WHAT THE TASK ASKS
Every line from the start of the data through the line containing "Het perceel waarop" should be retyped exactly; the pictures should not.

GIVEN INFORMATION
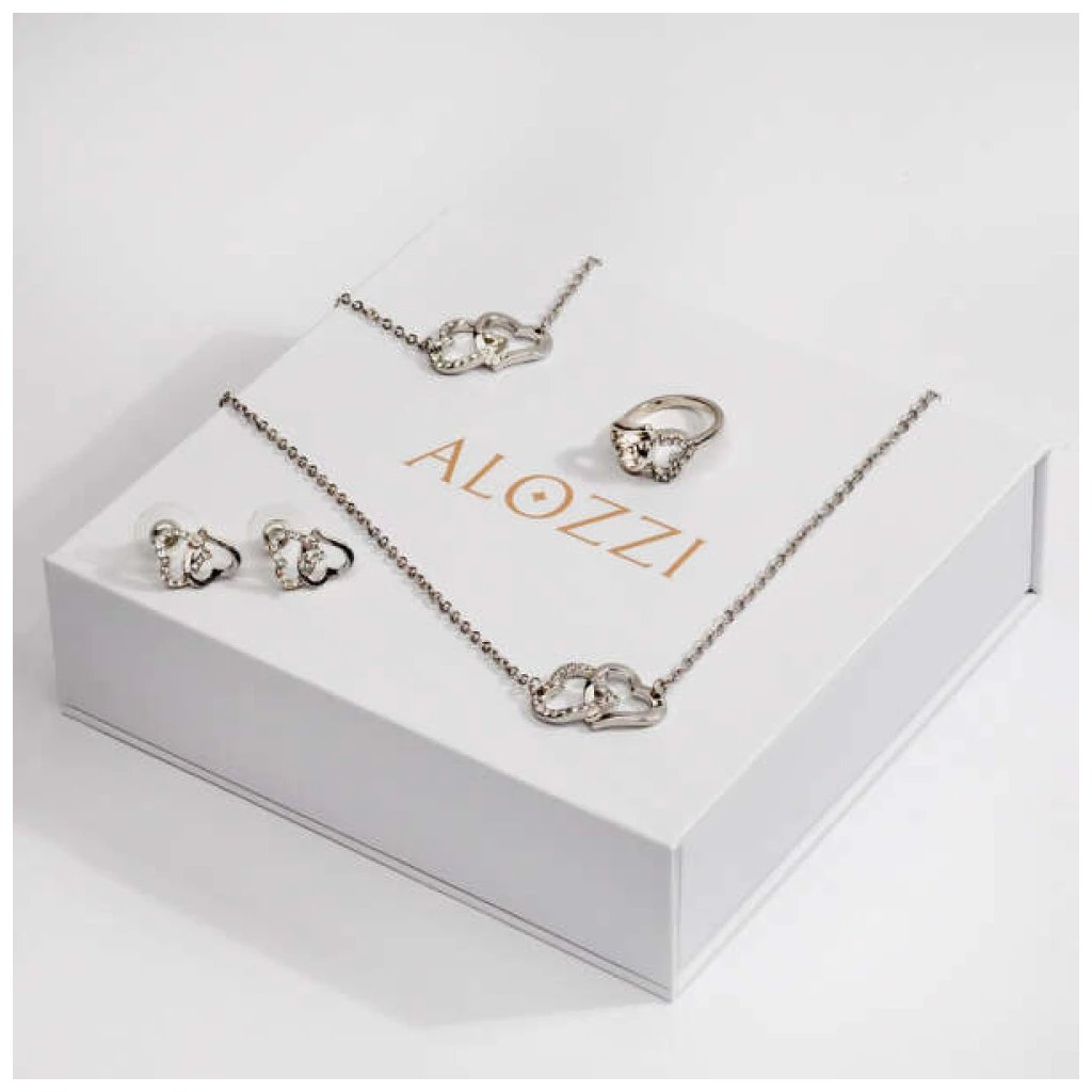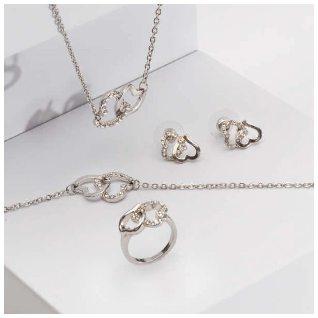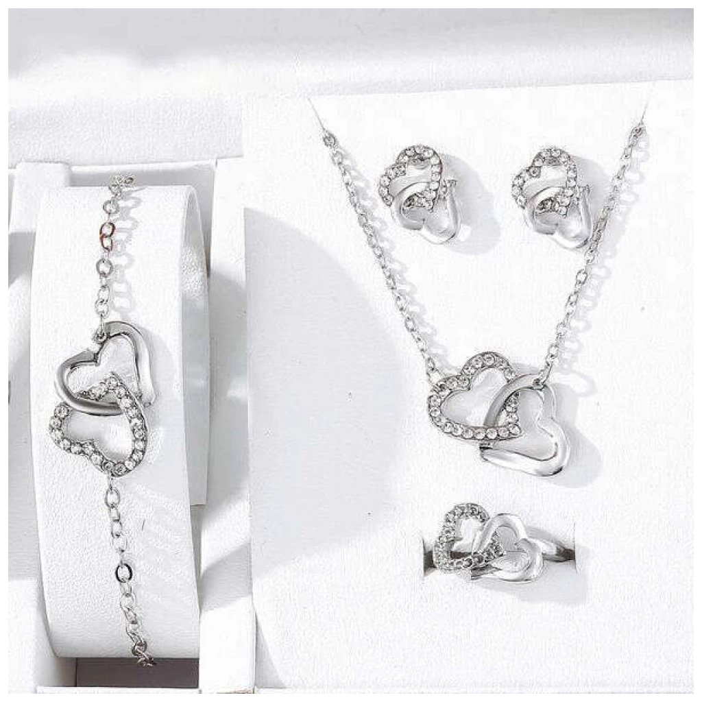 Fidda ékszerkészlet - Egyedi szett, amely tartalmaz egy luxusgyűrűt, nyakláncot, karkötőt és fülbevalót. A készlet cinkötvözetből készült, strassz díszítéssel, szív motívumokkal, amely romantikus megjelenést kölcsönöz viselőjének. Ez a pazar ékszerkészlet tökéletes választás esküvőkre, ünnepekre és más különleges eseményekre. A klasszikus, mégis modern dizájn lehetővé teszi, hogy a darabokat együtt vagy külön-külön is viselhesd, így könnyen kombinálhatóak más kiegészítőkkel is.
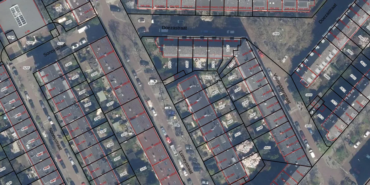 Het perceel waarop Lumeystraat 16-A staat heeft een oppervlakte van 296 m². Dit is een middelgroot perceel. De perceeloppervlakte wordt geregistreerd door het Kadaster. Gedetailleerde informatie over de maten van dit perceel kunt u vinden in het rapport Kadastrale kaart met maatvoering van Lumeystraat 16-A.
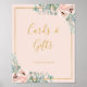 Ce panneau élégant à motif floral rose pastel | cartes et cadeaux est parfait pour votre mariage botanique printanier rose boho. Le design présente un cadre en dorure à la feuille accompagné d'une simple rose pêche champagne aquarelle, de feuillage de eucalyptus vert sauge minimaliste, et d'une fleur sauvage coquelicot corail neutre, moderne et unique. Le design est luxueux, idéal pour un mariage classique, chic, délicat en été, en automne ou en hiver. N'hésitez pas à nous contacter pour toute question concernant le design du produit ; à votre santé !
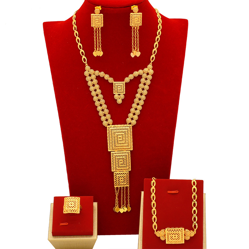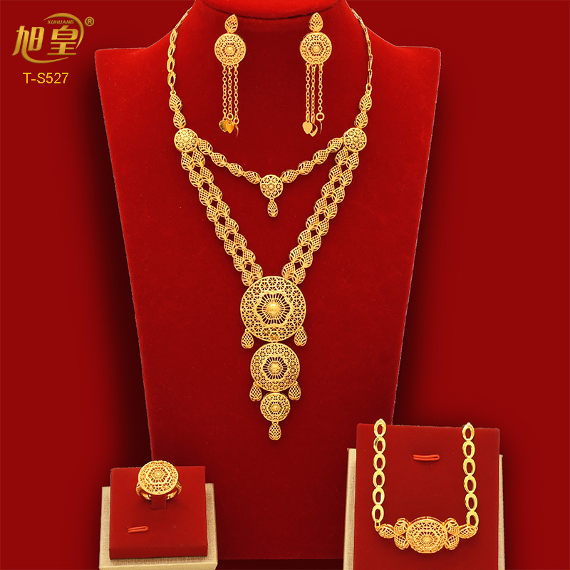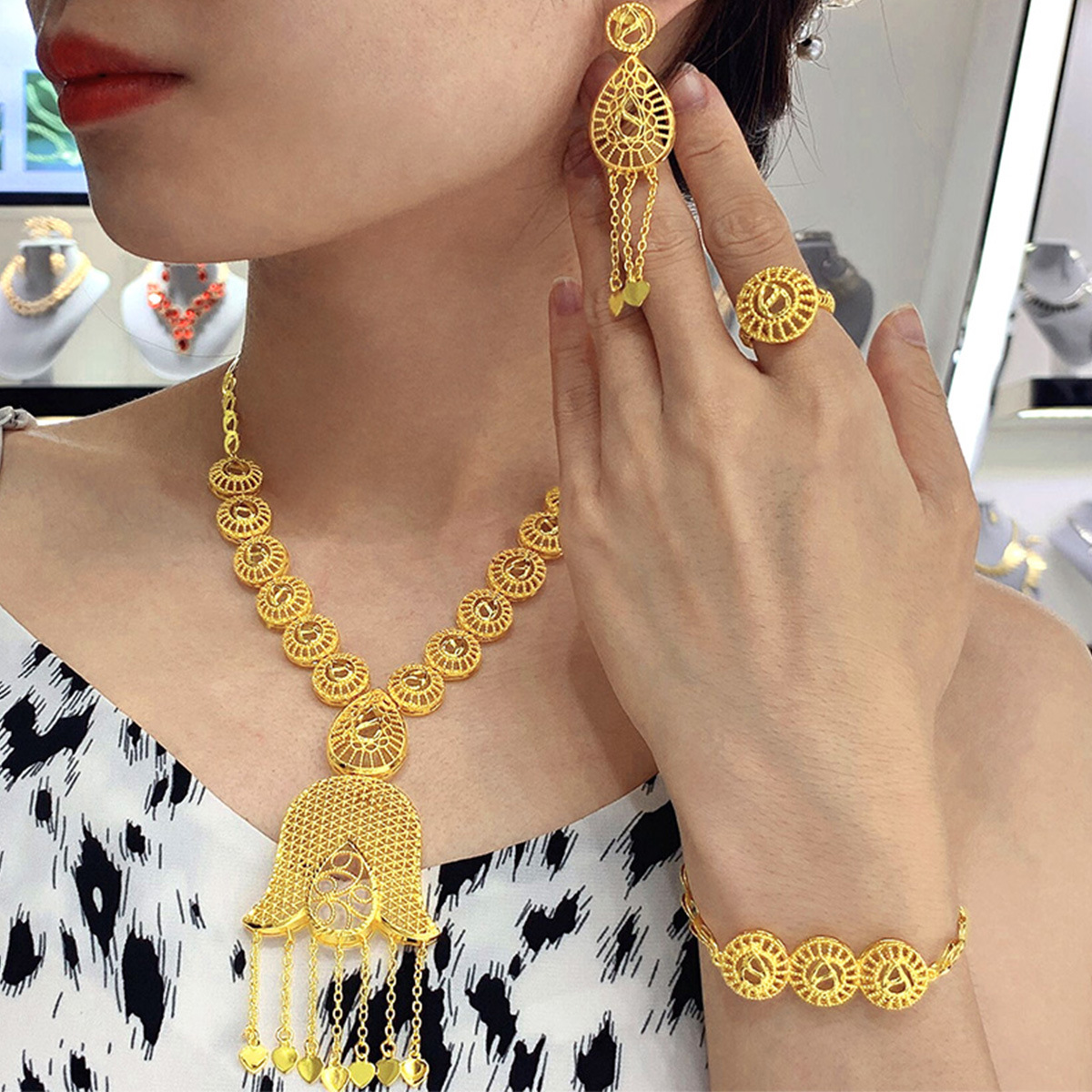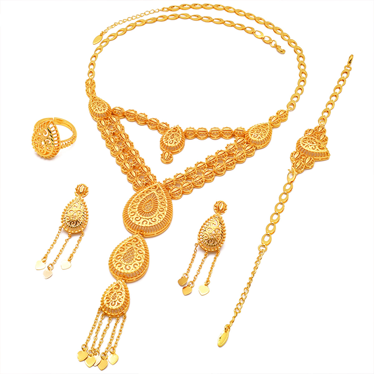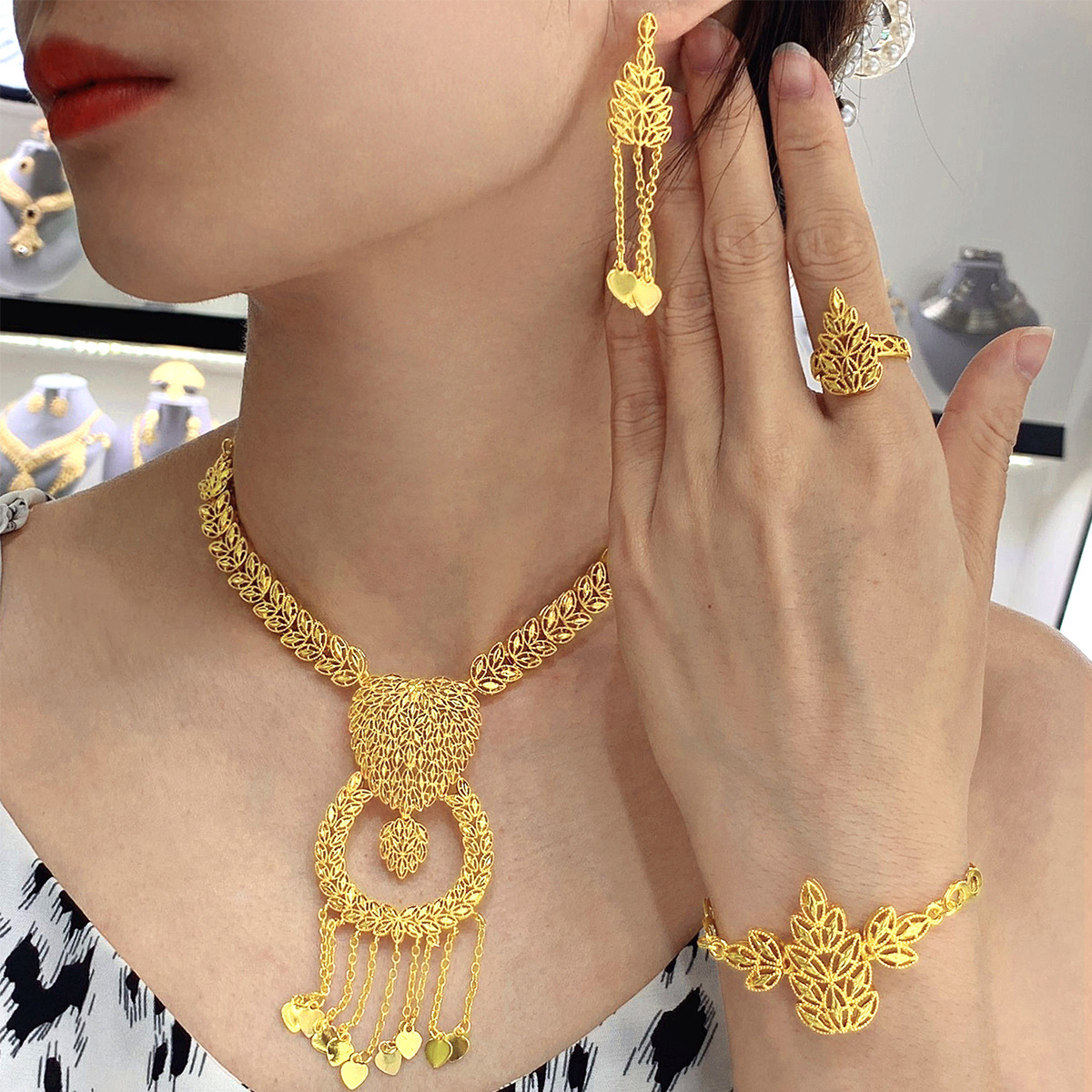 Middle East Dubai wedding jewelry suit ethnic style brass gold plated imitation gold necklace earrings ring bracelet

WRITTEN SOLUTION
 Fidda ékszerkészlet - Egyedi szett, amely tartalmaz egy luxusgyűrűt, nyakláncot, karkötőt és fülbevalót. A készlet cinkötvözetből készült, strassz díszítéssel, szív motívumokkal, amely romantikus megjelenést kölcsönöz viselőjének. Ez a pazar ékszerkészlet tökéletes választás esküvőkre, ünnepekre és más különleges eseményekre. A klasszikus, mégis modern dizájn lehetővé teszi, hogy a darabokat együtt vagy külön-külön is viselhesd, így könnyen kombinálhatóak más kiegészítőkkel is.
 Het perceel waarop Lumeystraat 16-A staat heeft een oppervlakte van 296 m². Dit is een middelgroot perceel. De perceeloppervlakte wordt geregistreerd door het Kadaster. Gedetailleerde informatie over de maten van dit perceel kunt u vinden in het rapport Kadastrale kaart met maatvoering van Lumeystraat 16-A.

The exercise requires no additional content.